Today we trained it up to Fürstenberg an der Havel to explore the Ravensbrück Concentration Camp. It’s pretty far away from Berlin – but three trains and about three hours got us there.

At the camp, students explored a variety of topics including women guards, women prisoners, unique features of female solidarity, children in the camp, the Corrie and Betsy Ten Boom story, the Saint Maria of Paris story, post-war prosecutions, and the juxtaposition of a concentration camp with a beautiful lakeside German city, separated from each other by only a small body of water – and each in view of the other.

After two plus hours of exploring, we came together and gave voice to many of our experiences, thoughts, and questions.
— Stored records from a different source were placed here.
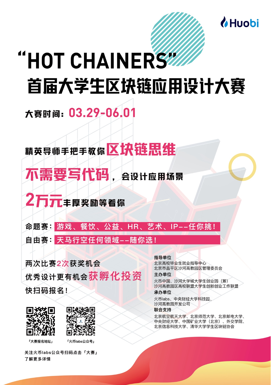 大赛是由北京高校毕业生就业指导中心、沙河高教园区管理委员会作为指导单位;beat365中文登录入口科技园、沙河高教园开发公司、火币Labs共同承办;北京航空航天大学、北京师范大学、北京邮电大学、beat365中文登录入口、中国矿业大学(北京)、外交学院、北京信息科技大学、清华大学学生区块链协会等单位联合支持。大赛报名可通过微信公众号“区块链创新工场”-“大赛”栏目报名参与。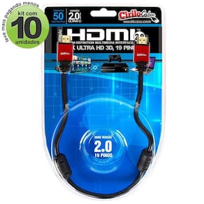 Kit 10 cabos hdmi 50cm 2.0 19 pinos ethernet 4k ultra hd 3d Obtenha mais qualidade de áudio e vídeo com o cabo hdmi versão 2.0, 19 pinos, 4k, ultra hd, 3dda cirilo cabos. Tenha resolução de cinema 21:9 e som em 32 canais. Tenha imagens e áudio livre de ruídos. Produto com qualidade e garantia cirilo cabos. Cabo hdmi 2.0 - 4k, ultra hd, 3d, 19 pinos Tenha o que há de melhor em tecnologia de som e imagem com os cabos hdmi 2.0 ultra hd 4k 3d. Esse cabo suporta a largura de banda de até 18gbps ideal para transmissão de sinal 3d e 4k com resolução de 3840x2160 em até 60 frames por segundo.Produto ideal para quem quer curtir o melhor dos seus aparelhos, seja para trabalho ou entretenimento. Características: Compatibilidade: 2.0 / 1.4 / 1.3b e todos os padrões hdmi anteriores Resolução de vídeo: 576i, 576b, 720i, 720p, 1080i, 1080p e 2160p - 4k60hz Velocidade de transmissão: alta taxa de transferência: 18 gbps à 600mhz Retorno de áudio permite transmitir o áudio sem a necessidade de passar um cabo à parte. Imagens: compatível com todos os formatos atuais de 3d. Proporção de cinema 21:9 Compatibilidade: O cabo hdmi 2.0 ultra hd 4k 3d já é compatível com todas as mídias existentes com saída hdmi. Modelos como hdtv, home theater, vídeo games, ps3, ps4, xbox, projetor, plasma, lcd, led, dvd, receiver box, telões, blue-ray, entre outros.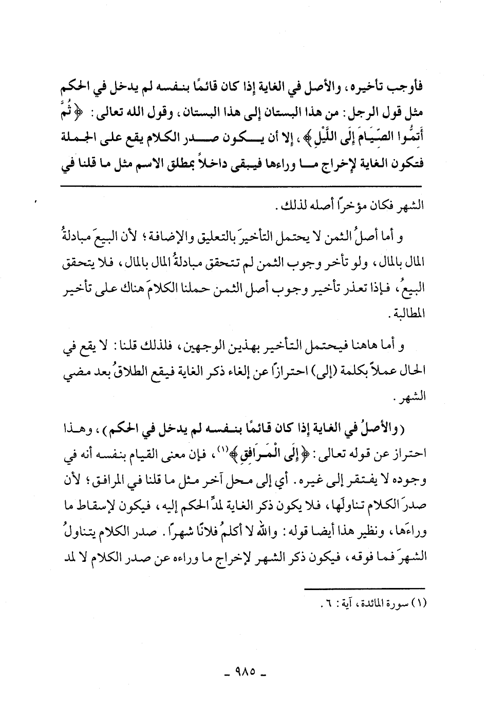 (والأصل في الغاية إذا كان قائما بنفسه لم يدخل في الحكم)، وهذا احتراز عن قوله تعالى:} إلَى المَرَافِقِ {، فإن معنى القيان بنفسه أنه في وجوده لا يفتقر إلى غيره. أي إلى محل آخر مثل ما قلنا في المرافق؛ لأن صدر الكلام تناولها، فلا يكون ذكر الغاية لمد الحكم إليه، فيكون لإسقاط ما وراءها، ونظير هذا أيضا قوله: والله لا أكلم فلانا شهرا. صدر الكلام يتناول الشهر فما فوقه، فيكون ذكر الشهر لإخراج ما وراءه عن صدر الكلام لا لمد

This group is ready to process and share; they are not afraid to ask questions and stress-test standard answers…it’s great.
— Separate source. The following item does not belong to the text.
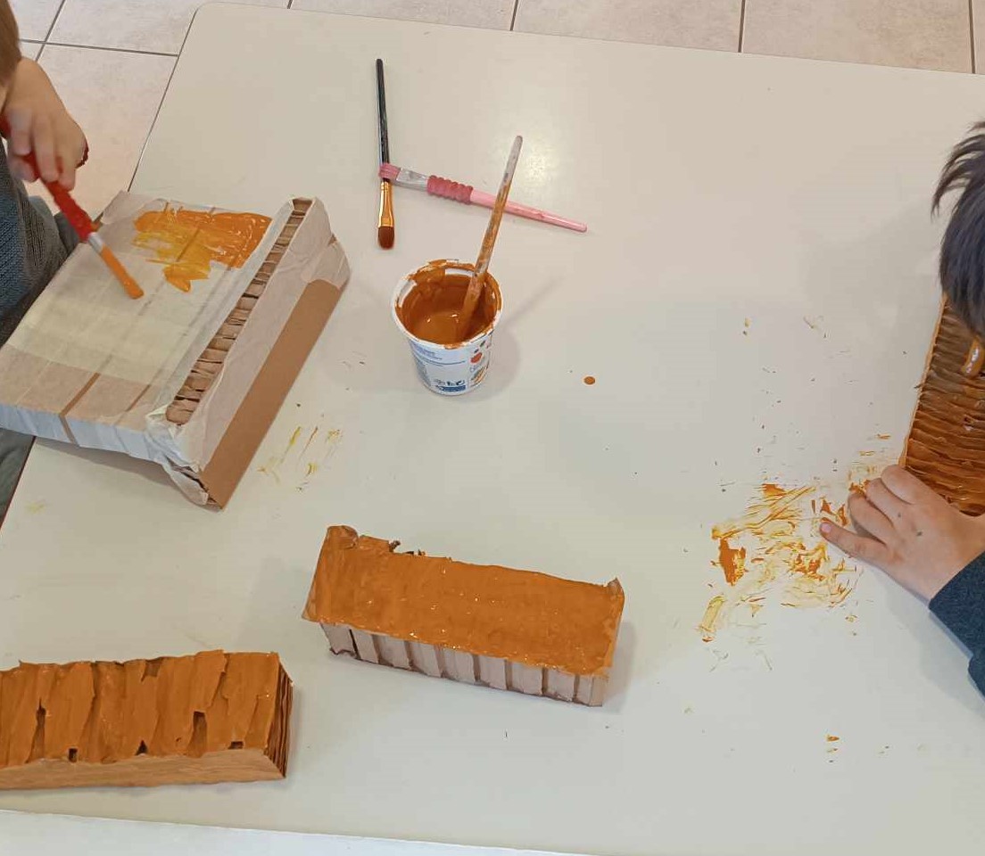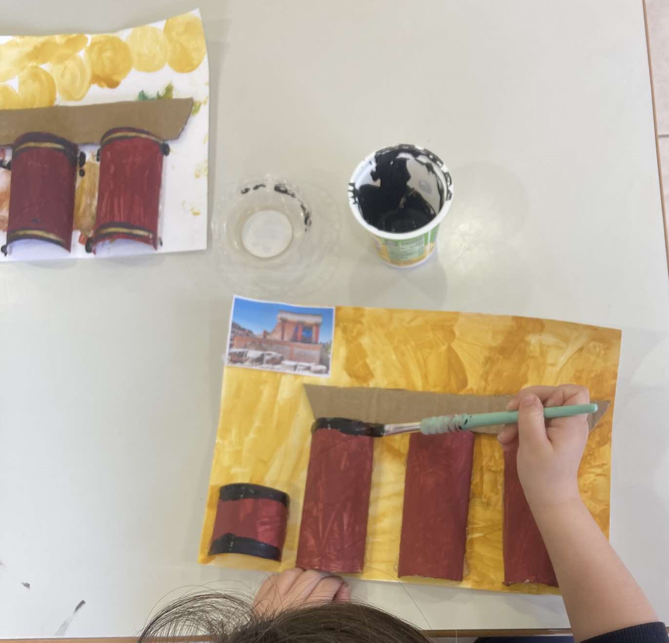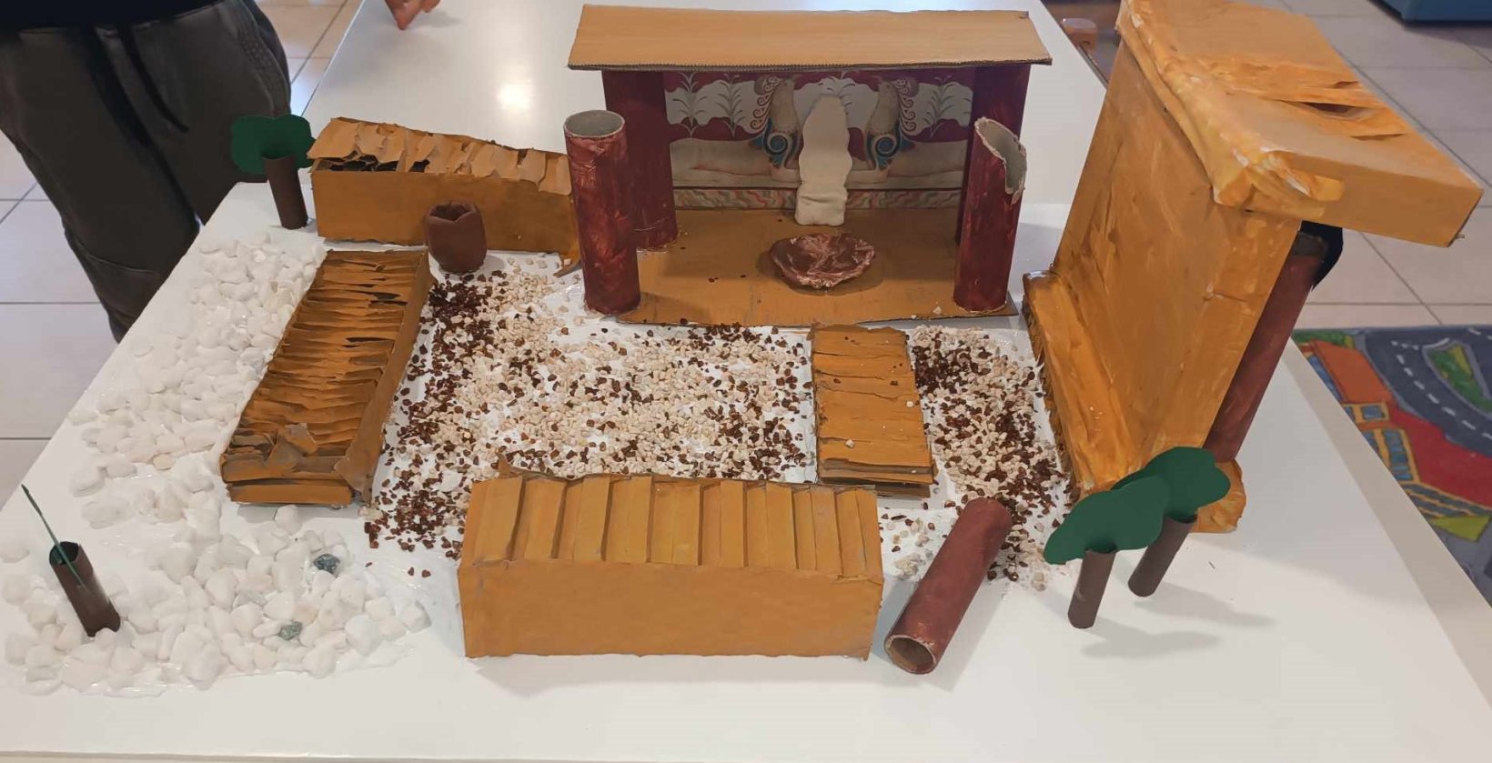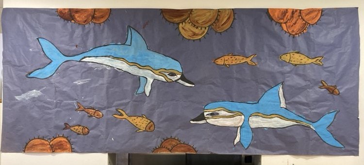 Στη συνέχεια, γίναμε καλλιτέχνες και αρχιτέκτονες: Δημιουργήσαμε μια γιγάντια τοιχογραφία με δελφίνια, που γέμισε με χρώμα το σχολείο μας.Ζωντανέψαμε την τοιχογραφία με τα ταυροκαθάψια, μπαίνοντας οι ίδιοι στον ρόλο των γενναίων αθλητών. Κατασκευάσαμε το παλάτι της Κνωσού με υλικά της επιλογής μας, δίνοντάς του τη δική μας πινελιά.

Tomorrow is our last day in Berlin. It is designated “free Berlin.” We’ll see what they choose to do. As for me, I’m going to visit the Freie Universität of Berlin exhibits on the Kaiser Wilhelm Institute of Anthropology, Human Heredity, and Eugenics. This now defunct organization provided the primary thrust behind the National Socialist’s program of racial hygiene and scientific racism. The Max Planck Institute has taken many of the inherited archives and created a few exhibits open to the public. I’m looking forward to checking them out for the first time. I may also go and see if I can find the Weiβensee Cemetery.

Thanks to all of you for following us. We are doing well – having hard conversations as a result of being exposed to a radical ideology and some terrible places of perpetration, but also enjoying each other and helping each other along the way.